The Lenkov-verse is a media franchise that consists of a group of three interconnected television reboots that share a fictional universe, and their related media. All three of the television series, Hawaii Five-0, MacGyver, and Magnum P.I., are developed by Peter M. Lenkov who also served as the showrunner on the series. They are each American crime dramas that aired on CBS. Hawaii Five-0 revolves around a task force, led by Steve McGarrett, that investigates crimes in Hawaii. MacGyver centers around Angus MacGyver who uses nonviolent methods to keep the world safe, with the help of a team of undercover government agents. Magnum P.I. follows private investigator Thomas Magnum, who solves crimes in Hawaii with the help of his friends. The universe is also connected to the so-called Bellisario-verse, which consists of the entire NCIS franchise and JAG, via two direct crossovers between Hawaii Five-0 and NCIS: Los Angeles.
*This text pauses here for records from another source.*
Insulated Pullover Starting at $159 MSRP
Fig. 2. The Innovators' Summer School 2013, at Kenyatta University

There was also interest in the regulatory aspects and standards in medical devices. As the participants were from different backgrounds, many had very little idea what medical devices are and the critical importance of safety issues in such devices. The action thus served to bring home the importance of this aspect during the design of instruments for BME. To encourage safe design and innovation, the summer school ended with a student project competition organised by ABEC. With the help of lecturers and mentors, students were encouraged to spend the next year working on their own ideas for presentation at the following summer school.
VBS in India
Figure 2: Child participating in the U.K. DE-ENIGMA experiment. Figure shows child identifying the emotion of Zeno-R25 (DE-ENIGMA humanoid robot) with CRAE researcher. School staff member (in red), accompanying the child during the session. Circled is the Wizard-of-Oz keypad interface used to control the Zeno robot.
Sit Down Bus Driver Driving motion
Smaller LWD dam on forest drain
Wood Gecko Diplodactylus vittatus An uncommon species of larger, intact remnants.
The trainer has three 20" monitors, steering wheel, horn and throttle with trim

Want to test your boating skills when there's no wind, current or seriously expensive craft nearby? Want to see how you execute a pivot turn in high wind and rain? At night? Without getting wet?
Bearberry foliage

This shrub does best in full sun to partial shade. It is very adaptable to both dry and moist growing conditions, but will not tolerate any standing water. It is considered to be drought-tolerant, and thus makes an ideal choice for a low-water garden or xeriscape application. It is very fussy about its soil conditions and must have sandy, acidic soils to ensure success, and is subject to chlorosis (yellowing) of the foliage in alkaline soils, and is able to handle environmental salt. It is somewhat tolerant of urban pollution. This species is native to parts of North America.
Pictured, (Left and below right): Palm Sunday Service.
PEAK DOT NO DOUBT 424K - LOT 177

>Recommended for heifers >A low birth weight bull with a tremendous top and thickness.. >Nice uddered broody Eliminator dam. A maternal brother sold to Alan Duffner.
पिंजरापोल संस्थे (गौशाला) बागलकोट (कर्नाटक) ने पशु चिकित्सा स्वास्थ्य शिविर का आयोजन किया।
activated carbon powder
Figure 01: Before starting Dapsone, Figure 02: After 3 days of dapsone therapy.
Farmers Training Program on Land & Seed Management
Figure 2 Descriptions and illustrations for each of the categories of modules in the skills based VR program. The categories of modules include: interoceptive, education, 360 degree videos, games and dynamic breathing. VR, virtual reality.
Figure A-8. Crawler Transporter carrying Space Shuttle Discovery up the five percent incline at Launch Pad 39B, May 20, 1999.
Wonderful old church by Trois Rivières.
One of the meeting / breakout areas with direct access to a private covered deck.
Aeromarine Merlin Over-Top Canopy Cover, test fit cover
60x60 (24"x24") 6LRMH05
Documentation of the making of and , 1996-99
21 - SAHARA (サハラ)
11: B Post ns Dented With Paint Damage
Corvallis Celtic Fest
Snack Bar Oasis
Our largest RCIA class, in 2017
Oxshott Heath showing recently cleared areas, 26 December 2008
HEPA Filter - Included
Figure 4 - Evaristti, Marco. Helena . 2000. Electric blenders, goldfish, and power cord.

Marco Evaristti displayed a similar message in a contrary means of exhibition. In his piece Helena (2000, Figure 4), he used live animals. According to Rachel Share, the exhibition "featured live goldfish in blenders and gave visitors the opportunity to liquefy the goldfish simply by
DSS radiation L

 On May 6, 2020, the remaining series in the franchise, MacGyver and Magnum P.I., were renewed for their fifth and third seasons, respectively, for the 2020–21 broadcast season. On July 7, 2020, it was reported that Lenkov was fired from his role as executive producer and showrunner on MacGyver and Magnum P.I, following an investigation into allegations that he created a toxic work environment. Monica Macer and Eric Guggenheim replaced Lenkov as showrunner, on MacGyver and Magnum P.I, respectively. On November 9, 2020, it was announced that the fifth season of MacGyver and the third season of Magnum P.I, would premiere on December 4, 2020. In April 2021, CBS announced that MacGyver would end after its fifth season. Later that month, Magnum P.I. was renewed for a fourth season, which premiered on October 1, 2021. In May 2022, Magnum P.I. was cancelled after four seasons, however, on June 30, 2022, the series was picked up by NBC with a two-season, twenty-episode order, which was later clarified to be split as a two-part fifth season rather than two separate seasons. The fifth season premiered on February 19, 2023.

Development

Television

Up until the reboot of MacGyver in 2016, CBS's Hawaii Five-0 was the only show in The Lenkov-verse. Debuting in September 2010, the show had enjoyed solid ratings and had helped to boost Hawaii's economy with increased tourist visits to local businesses and cultural sites featured on the show. Despite solid viewership during its first season and the ability to hold its own against powerhouses like ESPN's NFL Monday Night Football and ABC's Castle, Five-0 wasn't pulling the same ratings as CBS's flagship police procedural, NCIS. As such, Peter Lenkov outlined that the second season would have a lot more to it, promising new cast members and an expanded setting, stating, “…we wanted to explore the other islands, and I think we just never got the chance. We're going to do that this year. We have these little ambitions, and that's one of them. Because it's Hawaii Five-0 and not Oahu Five-0, they can go to the other islands. And ultimately we want to explore off the islands. It's a task force, and the idea is there are no real boundaries for them." But an even bigger surprise came two months later on August 18, 2011, just prior to the 2nd season premiere, when NCIS: Los Angeles star Daniela Ruah tweeted, "Aloha hoaloha!  Read my lips closely... Kensi will make her way to Hawaii Five-0 this season! Stay tuned... #H50 #NCISLA", hinting that Five-0 would not only expand to other islands, but to other shows. It also left NCIS fans to speculate that Ruah was leaving her show for greener pastures. Shortly after the news was confirmed, however, Ruah tweeted that it was a one-time crossover and that she would be coming back to her regular show while NCIS producer Shane Brennan mused “Interestingly, Daniela has never been to Hawaii, so it took no convincing,” Brennan also stated that the visit to the show wasn't gratuitous and would have a purpose, jokingly adding, "I’m a bit concerned they might not give her back!"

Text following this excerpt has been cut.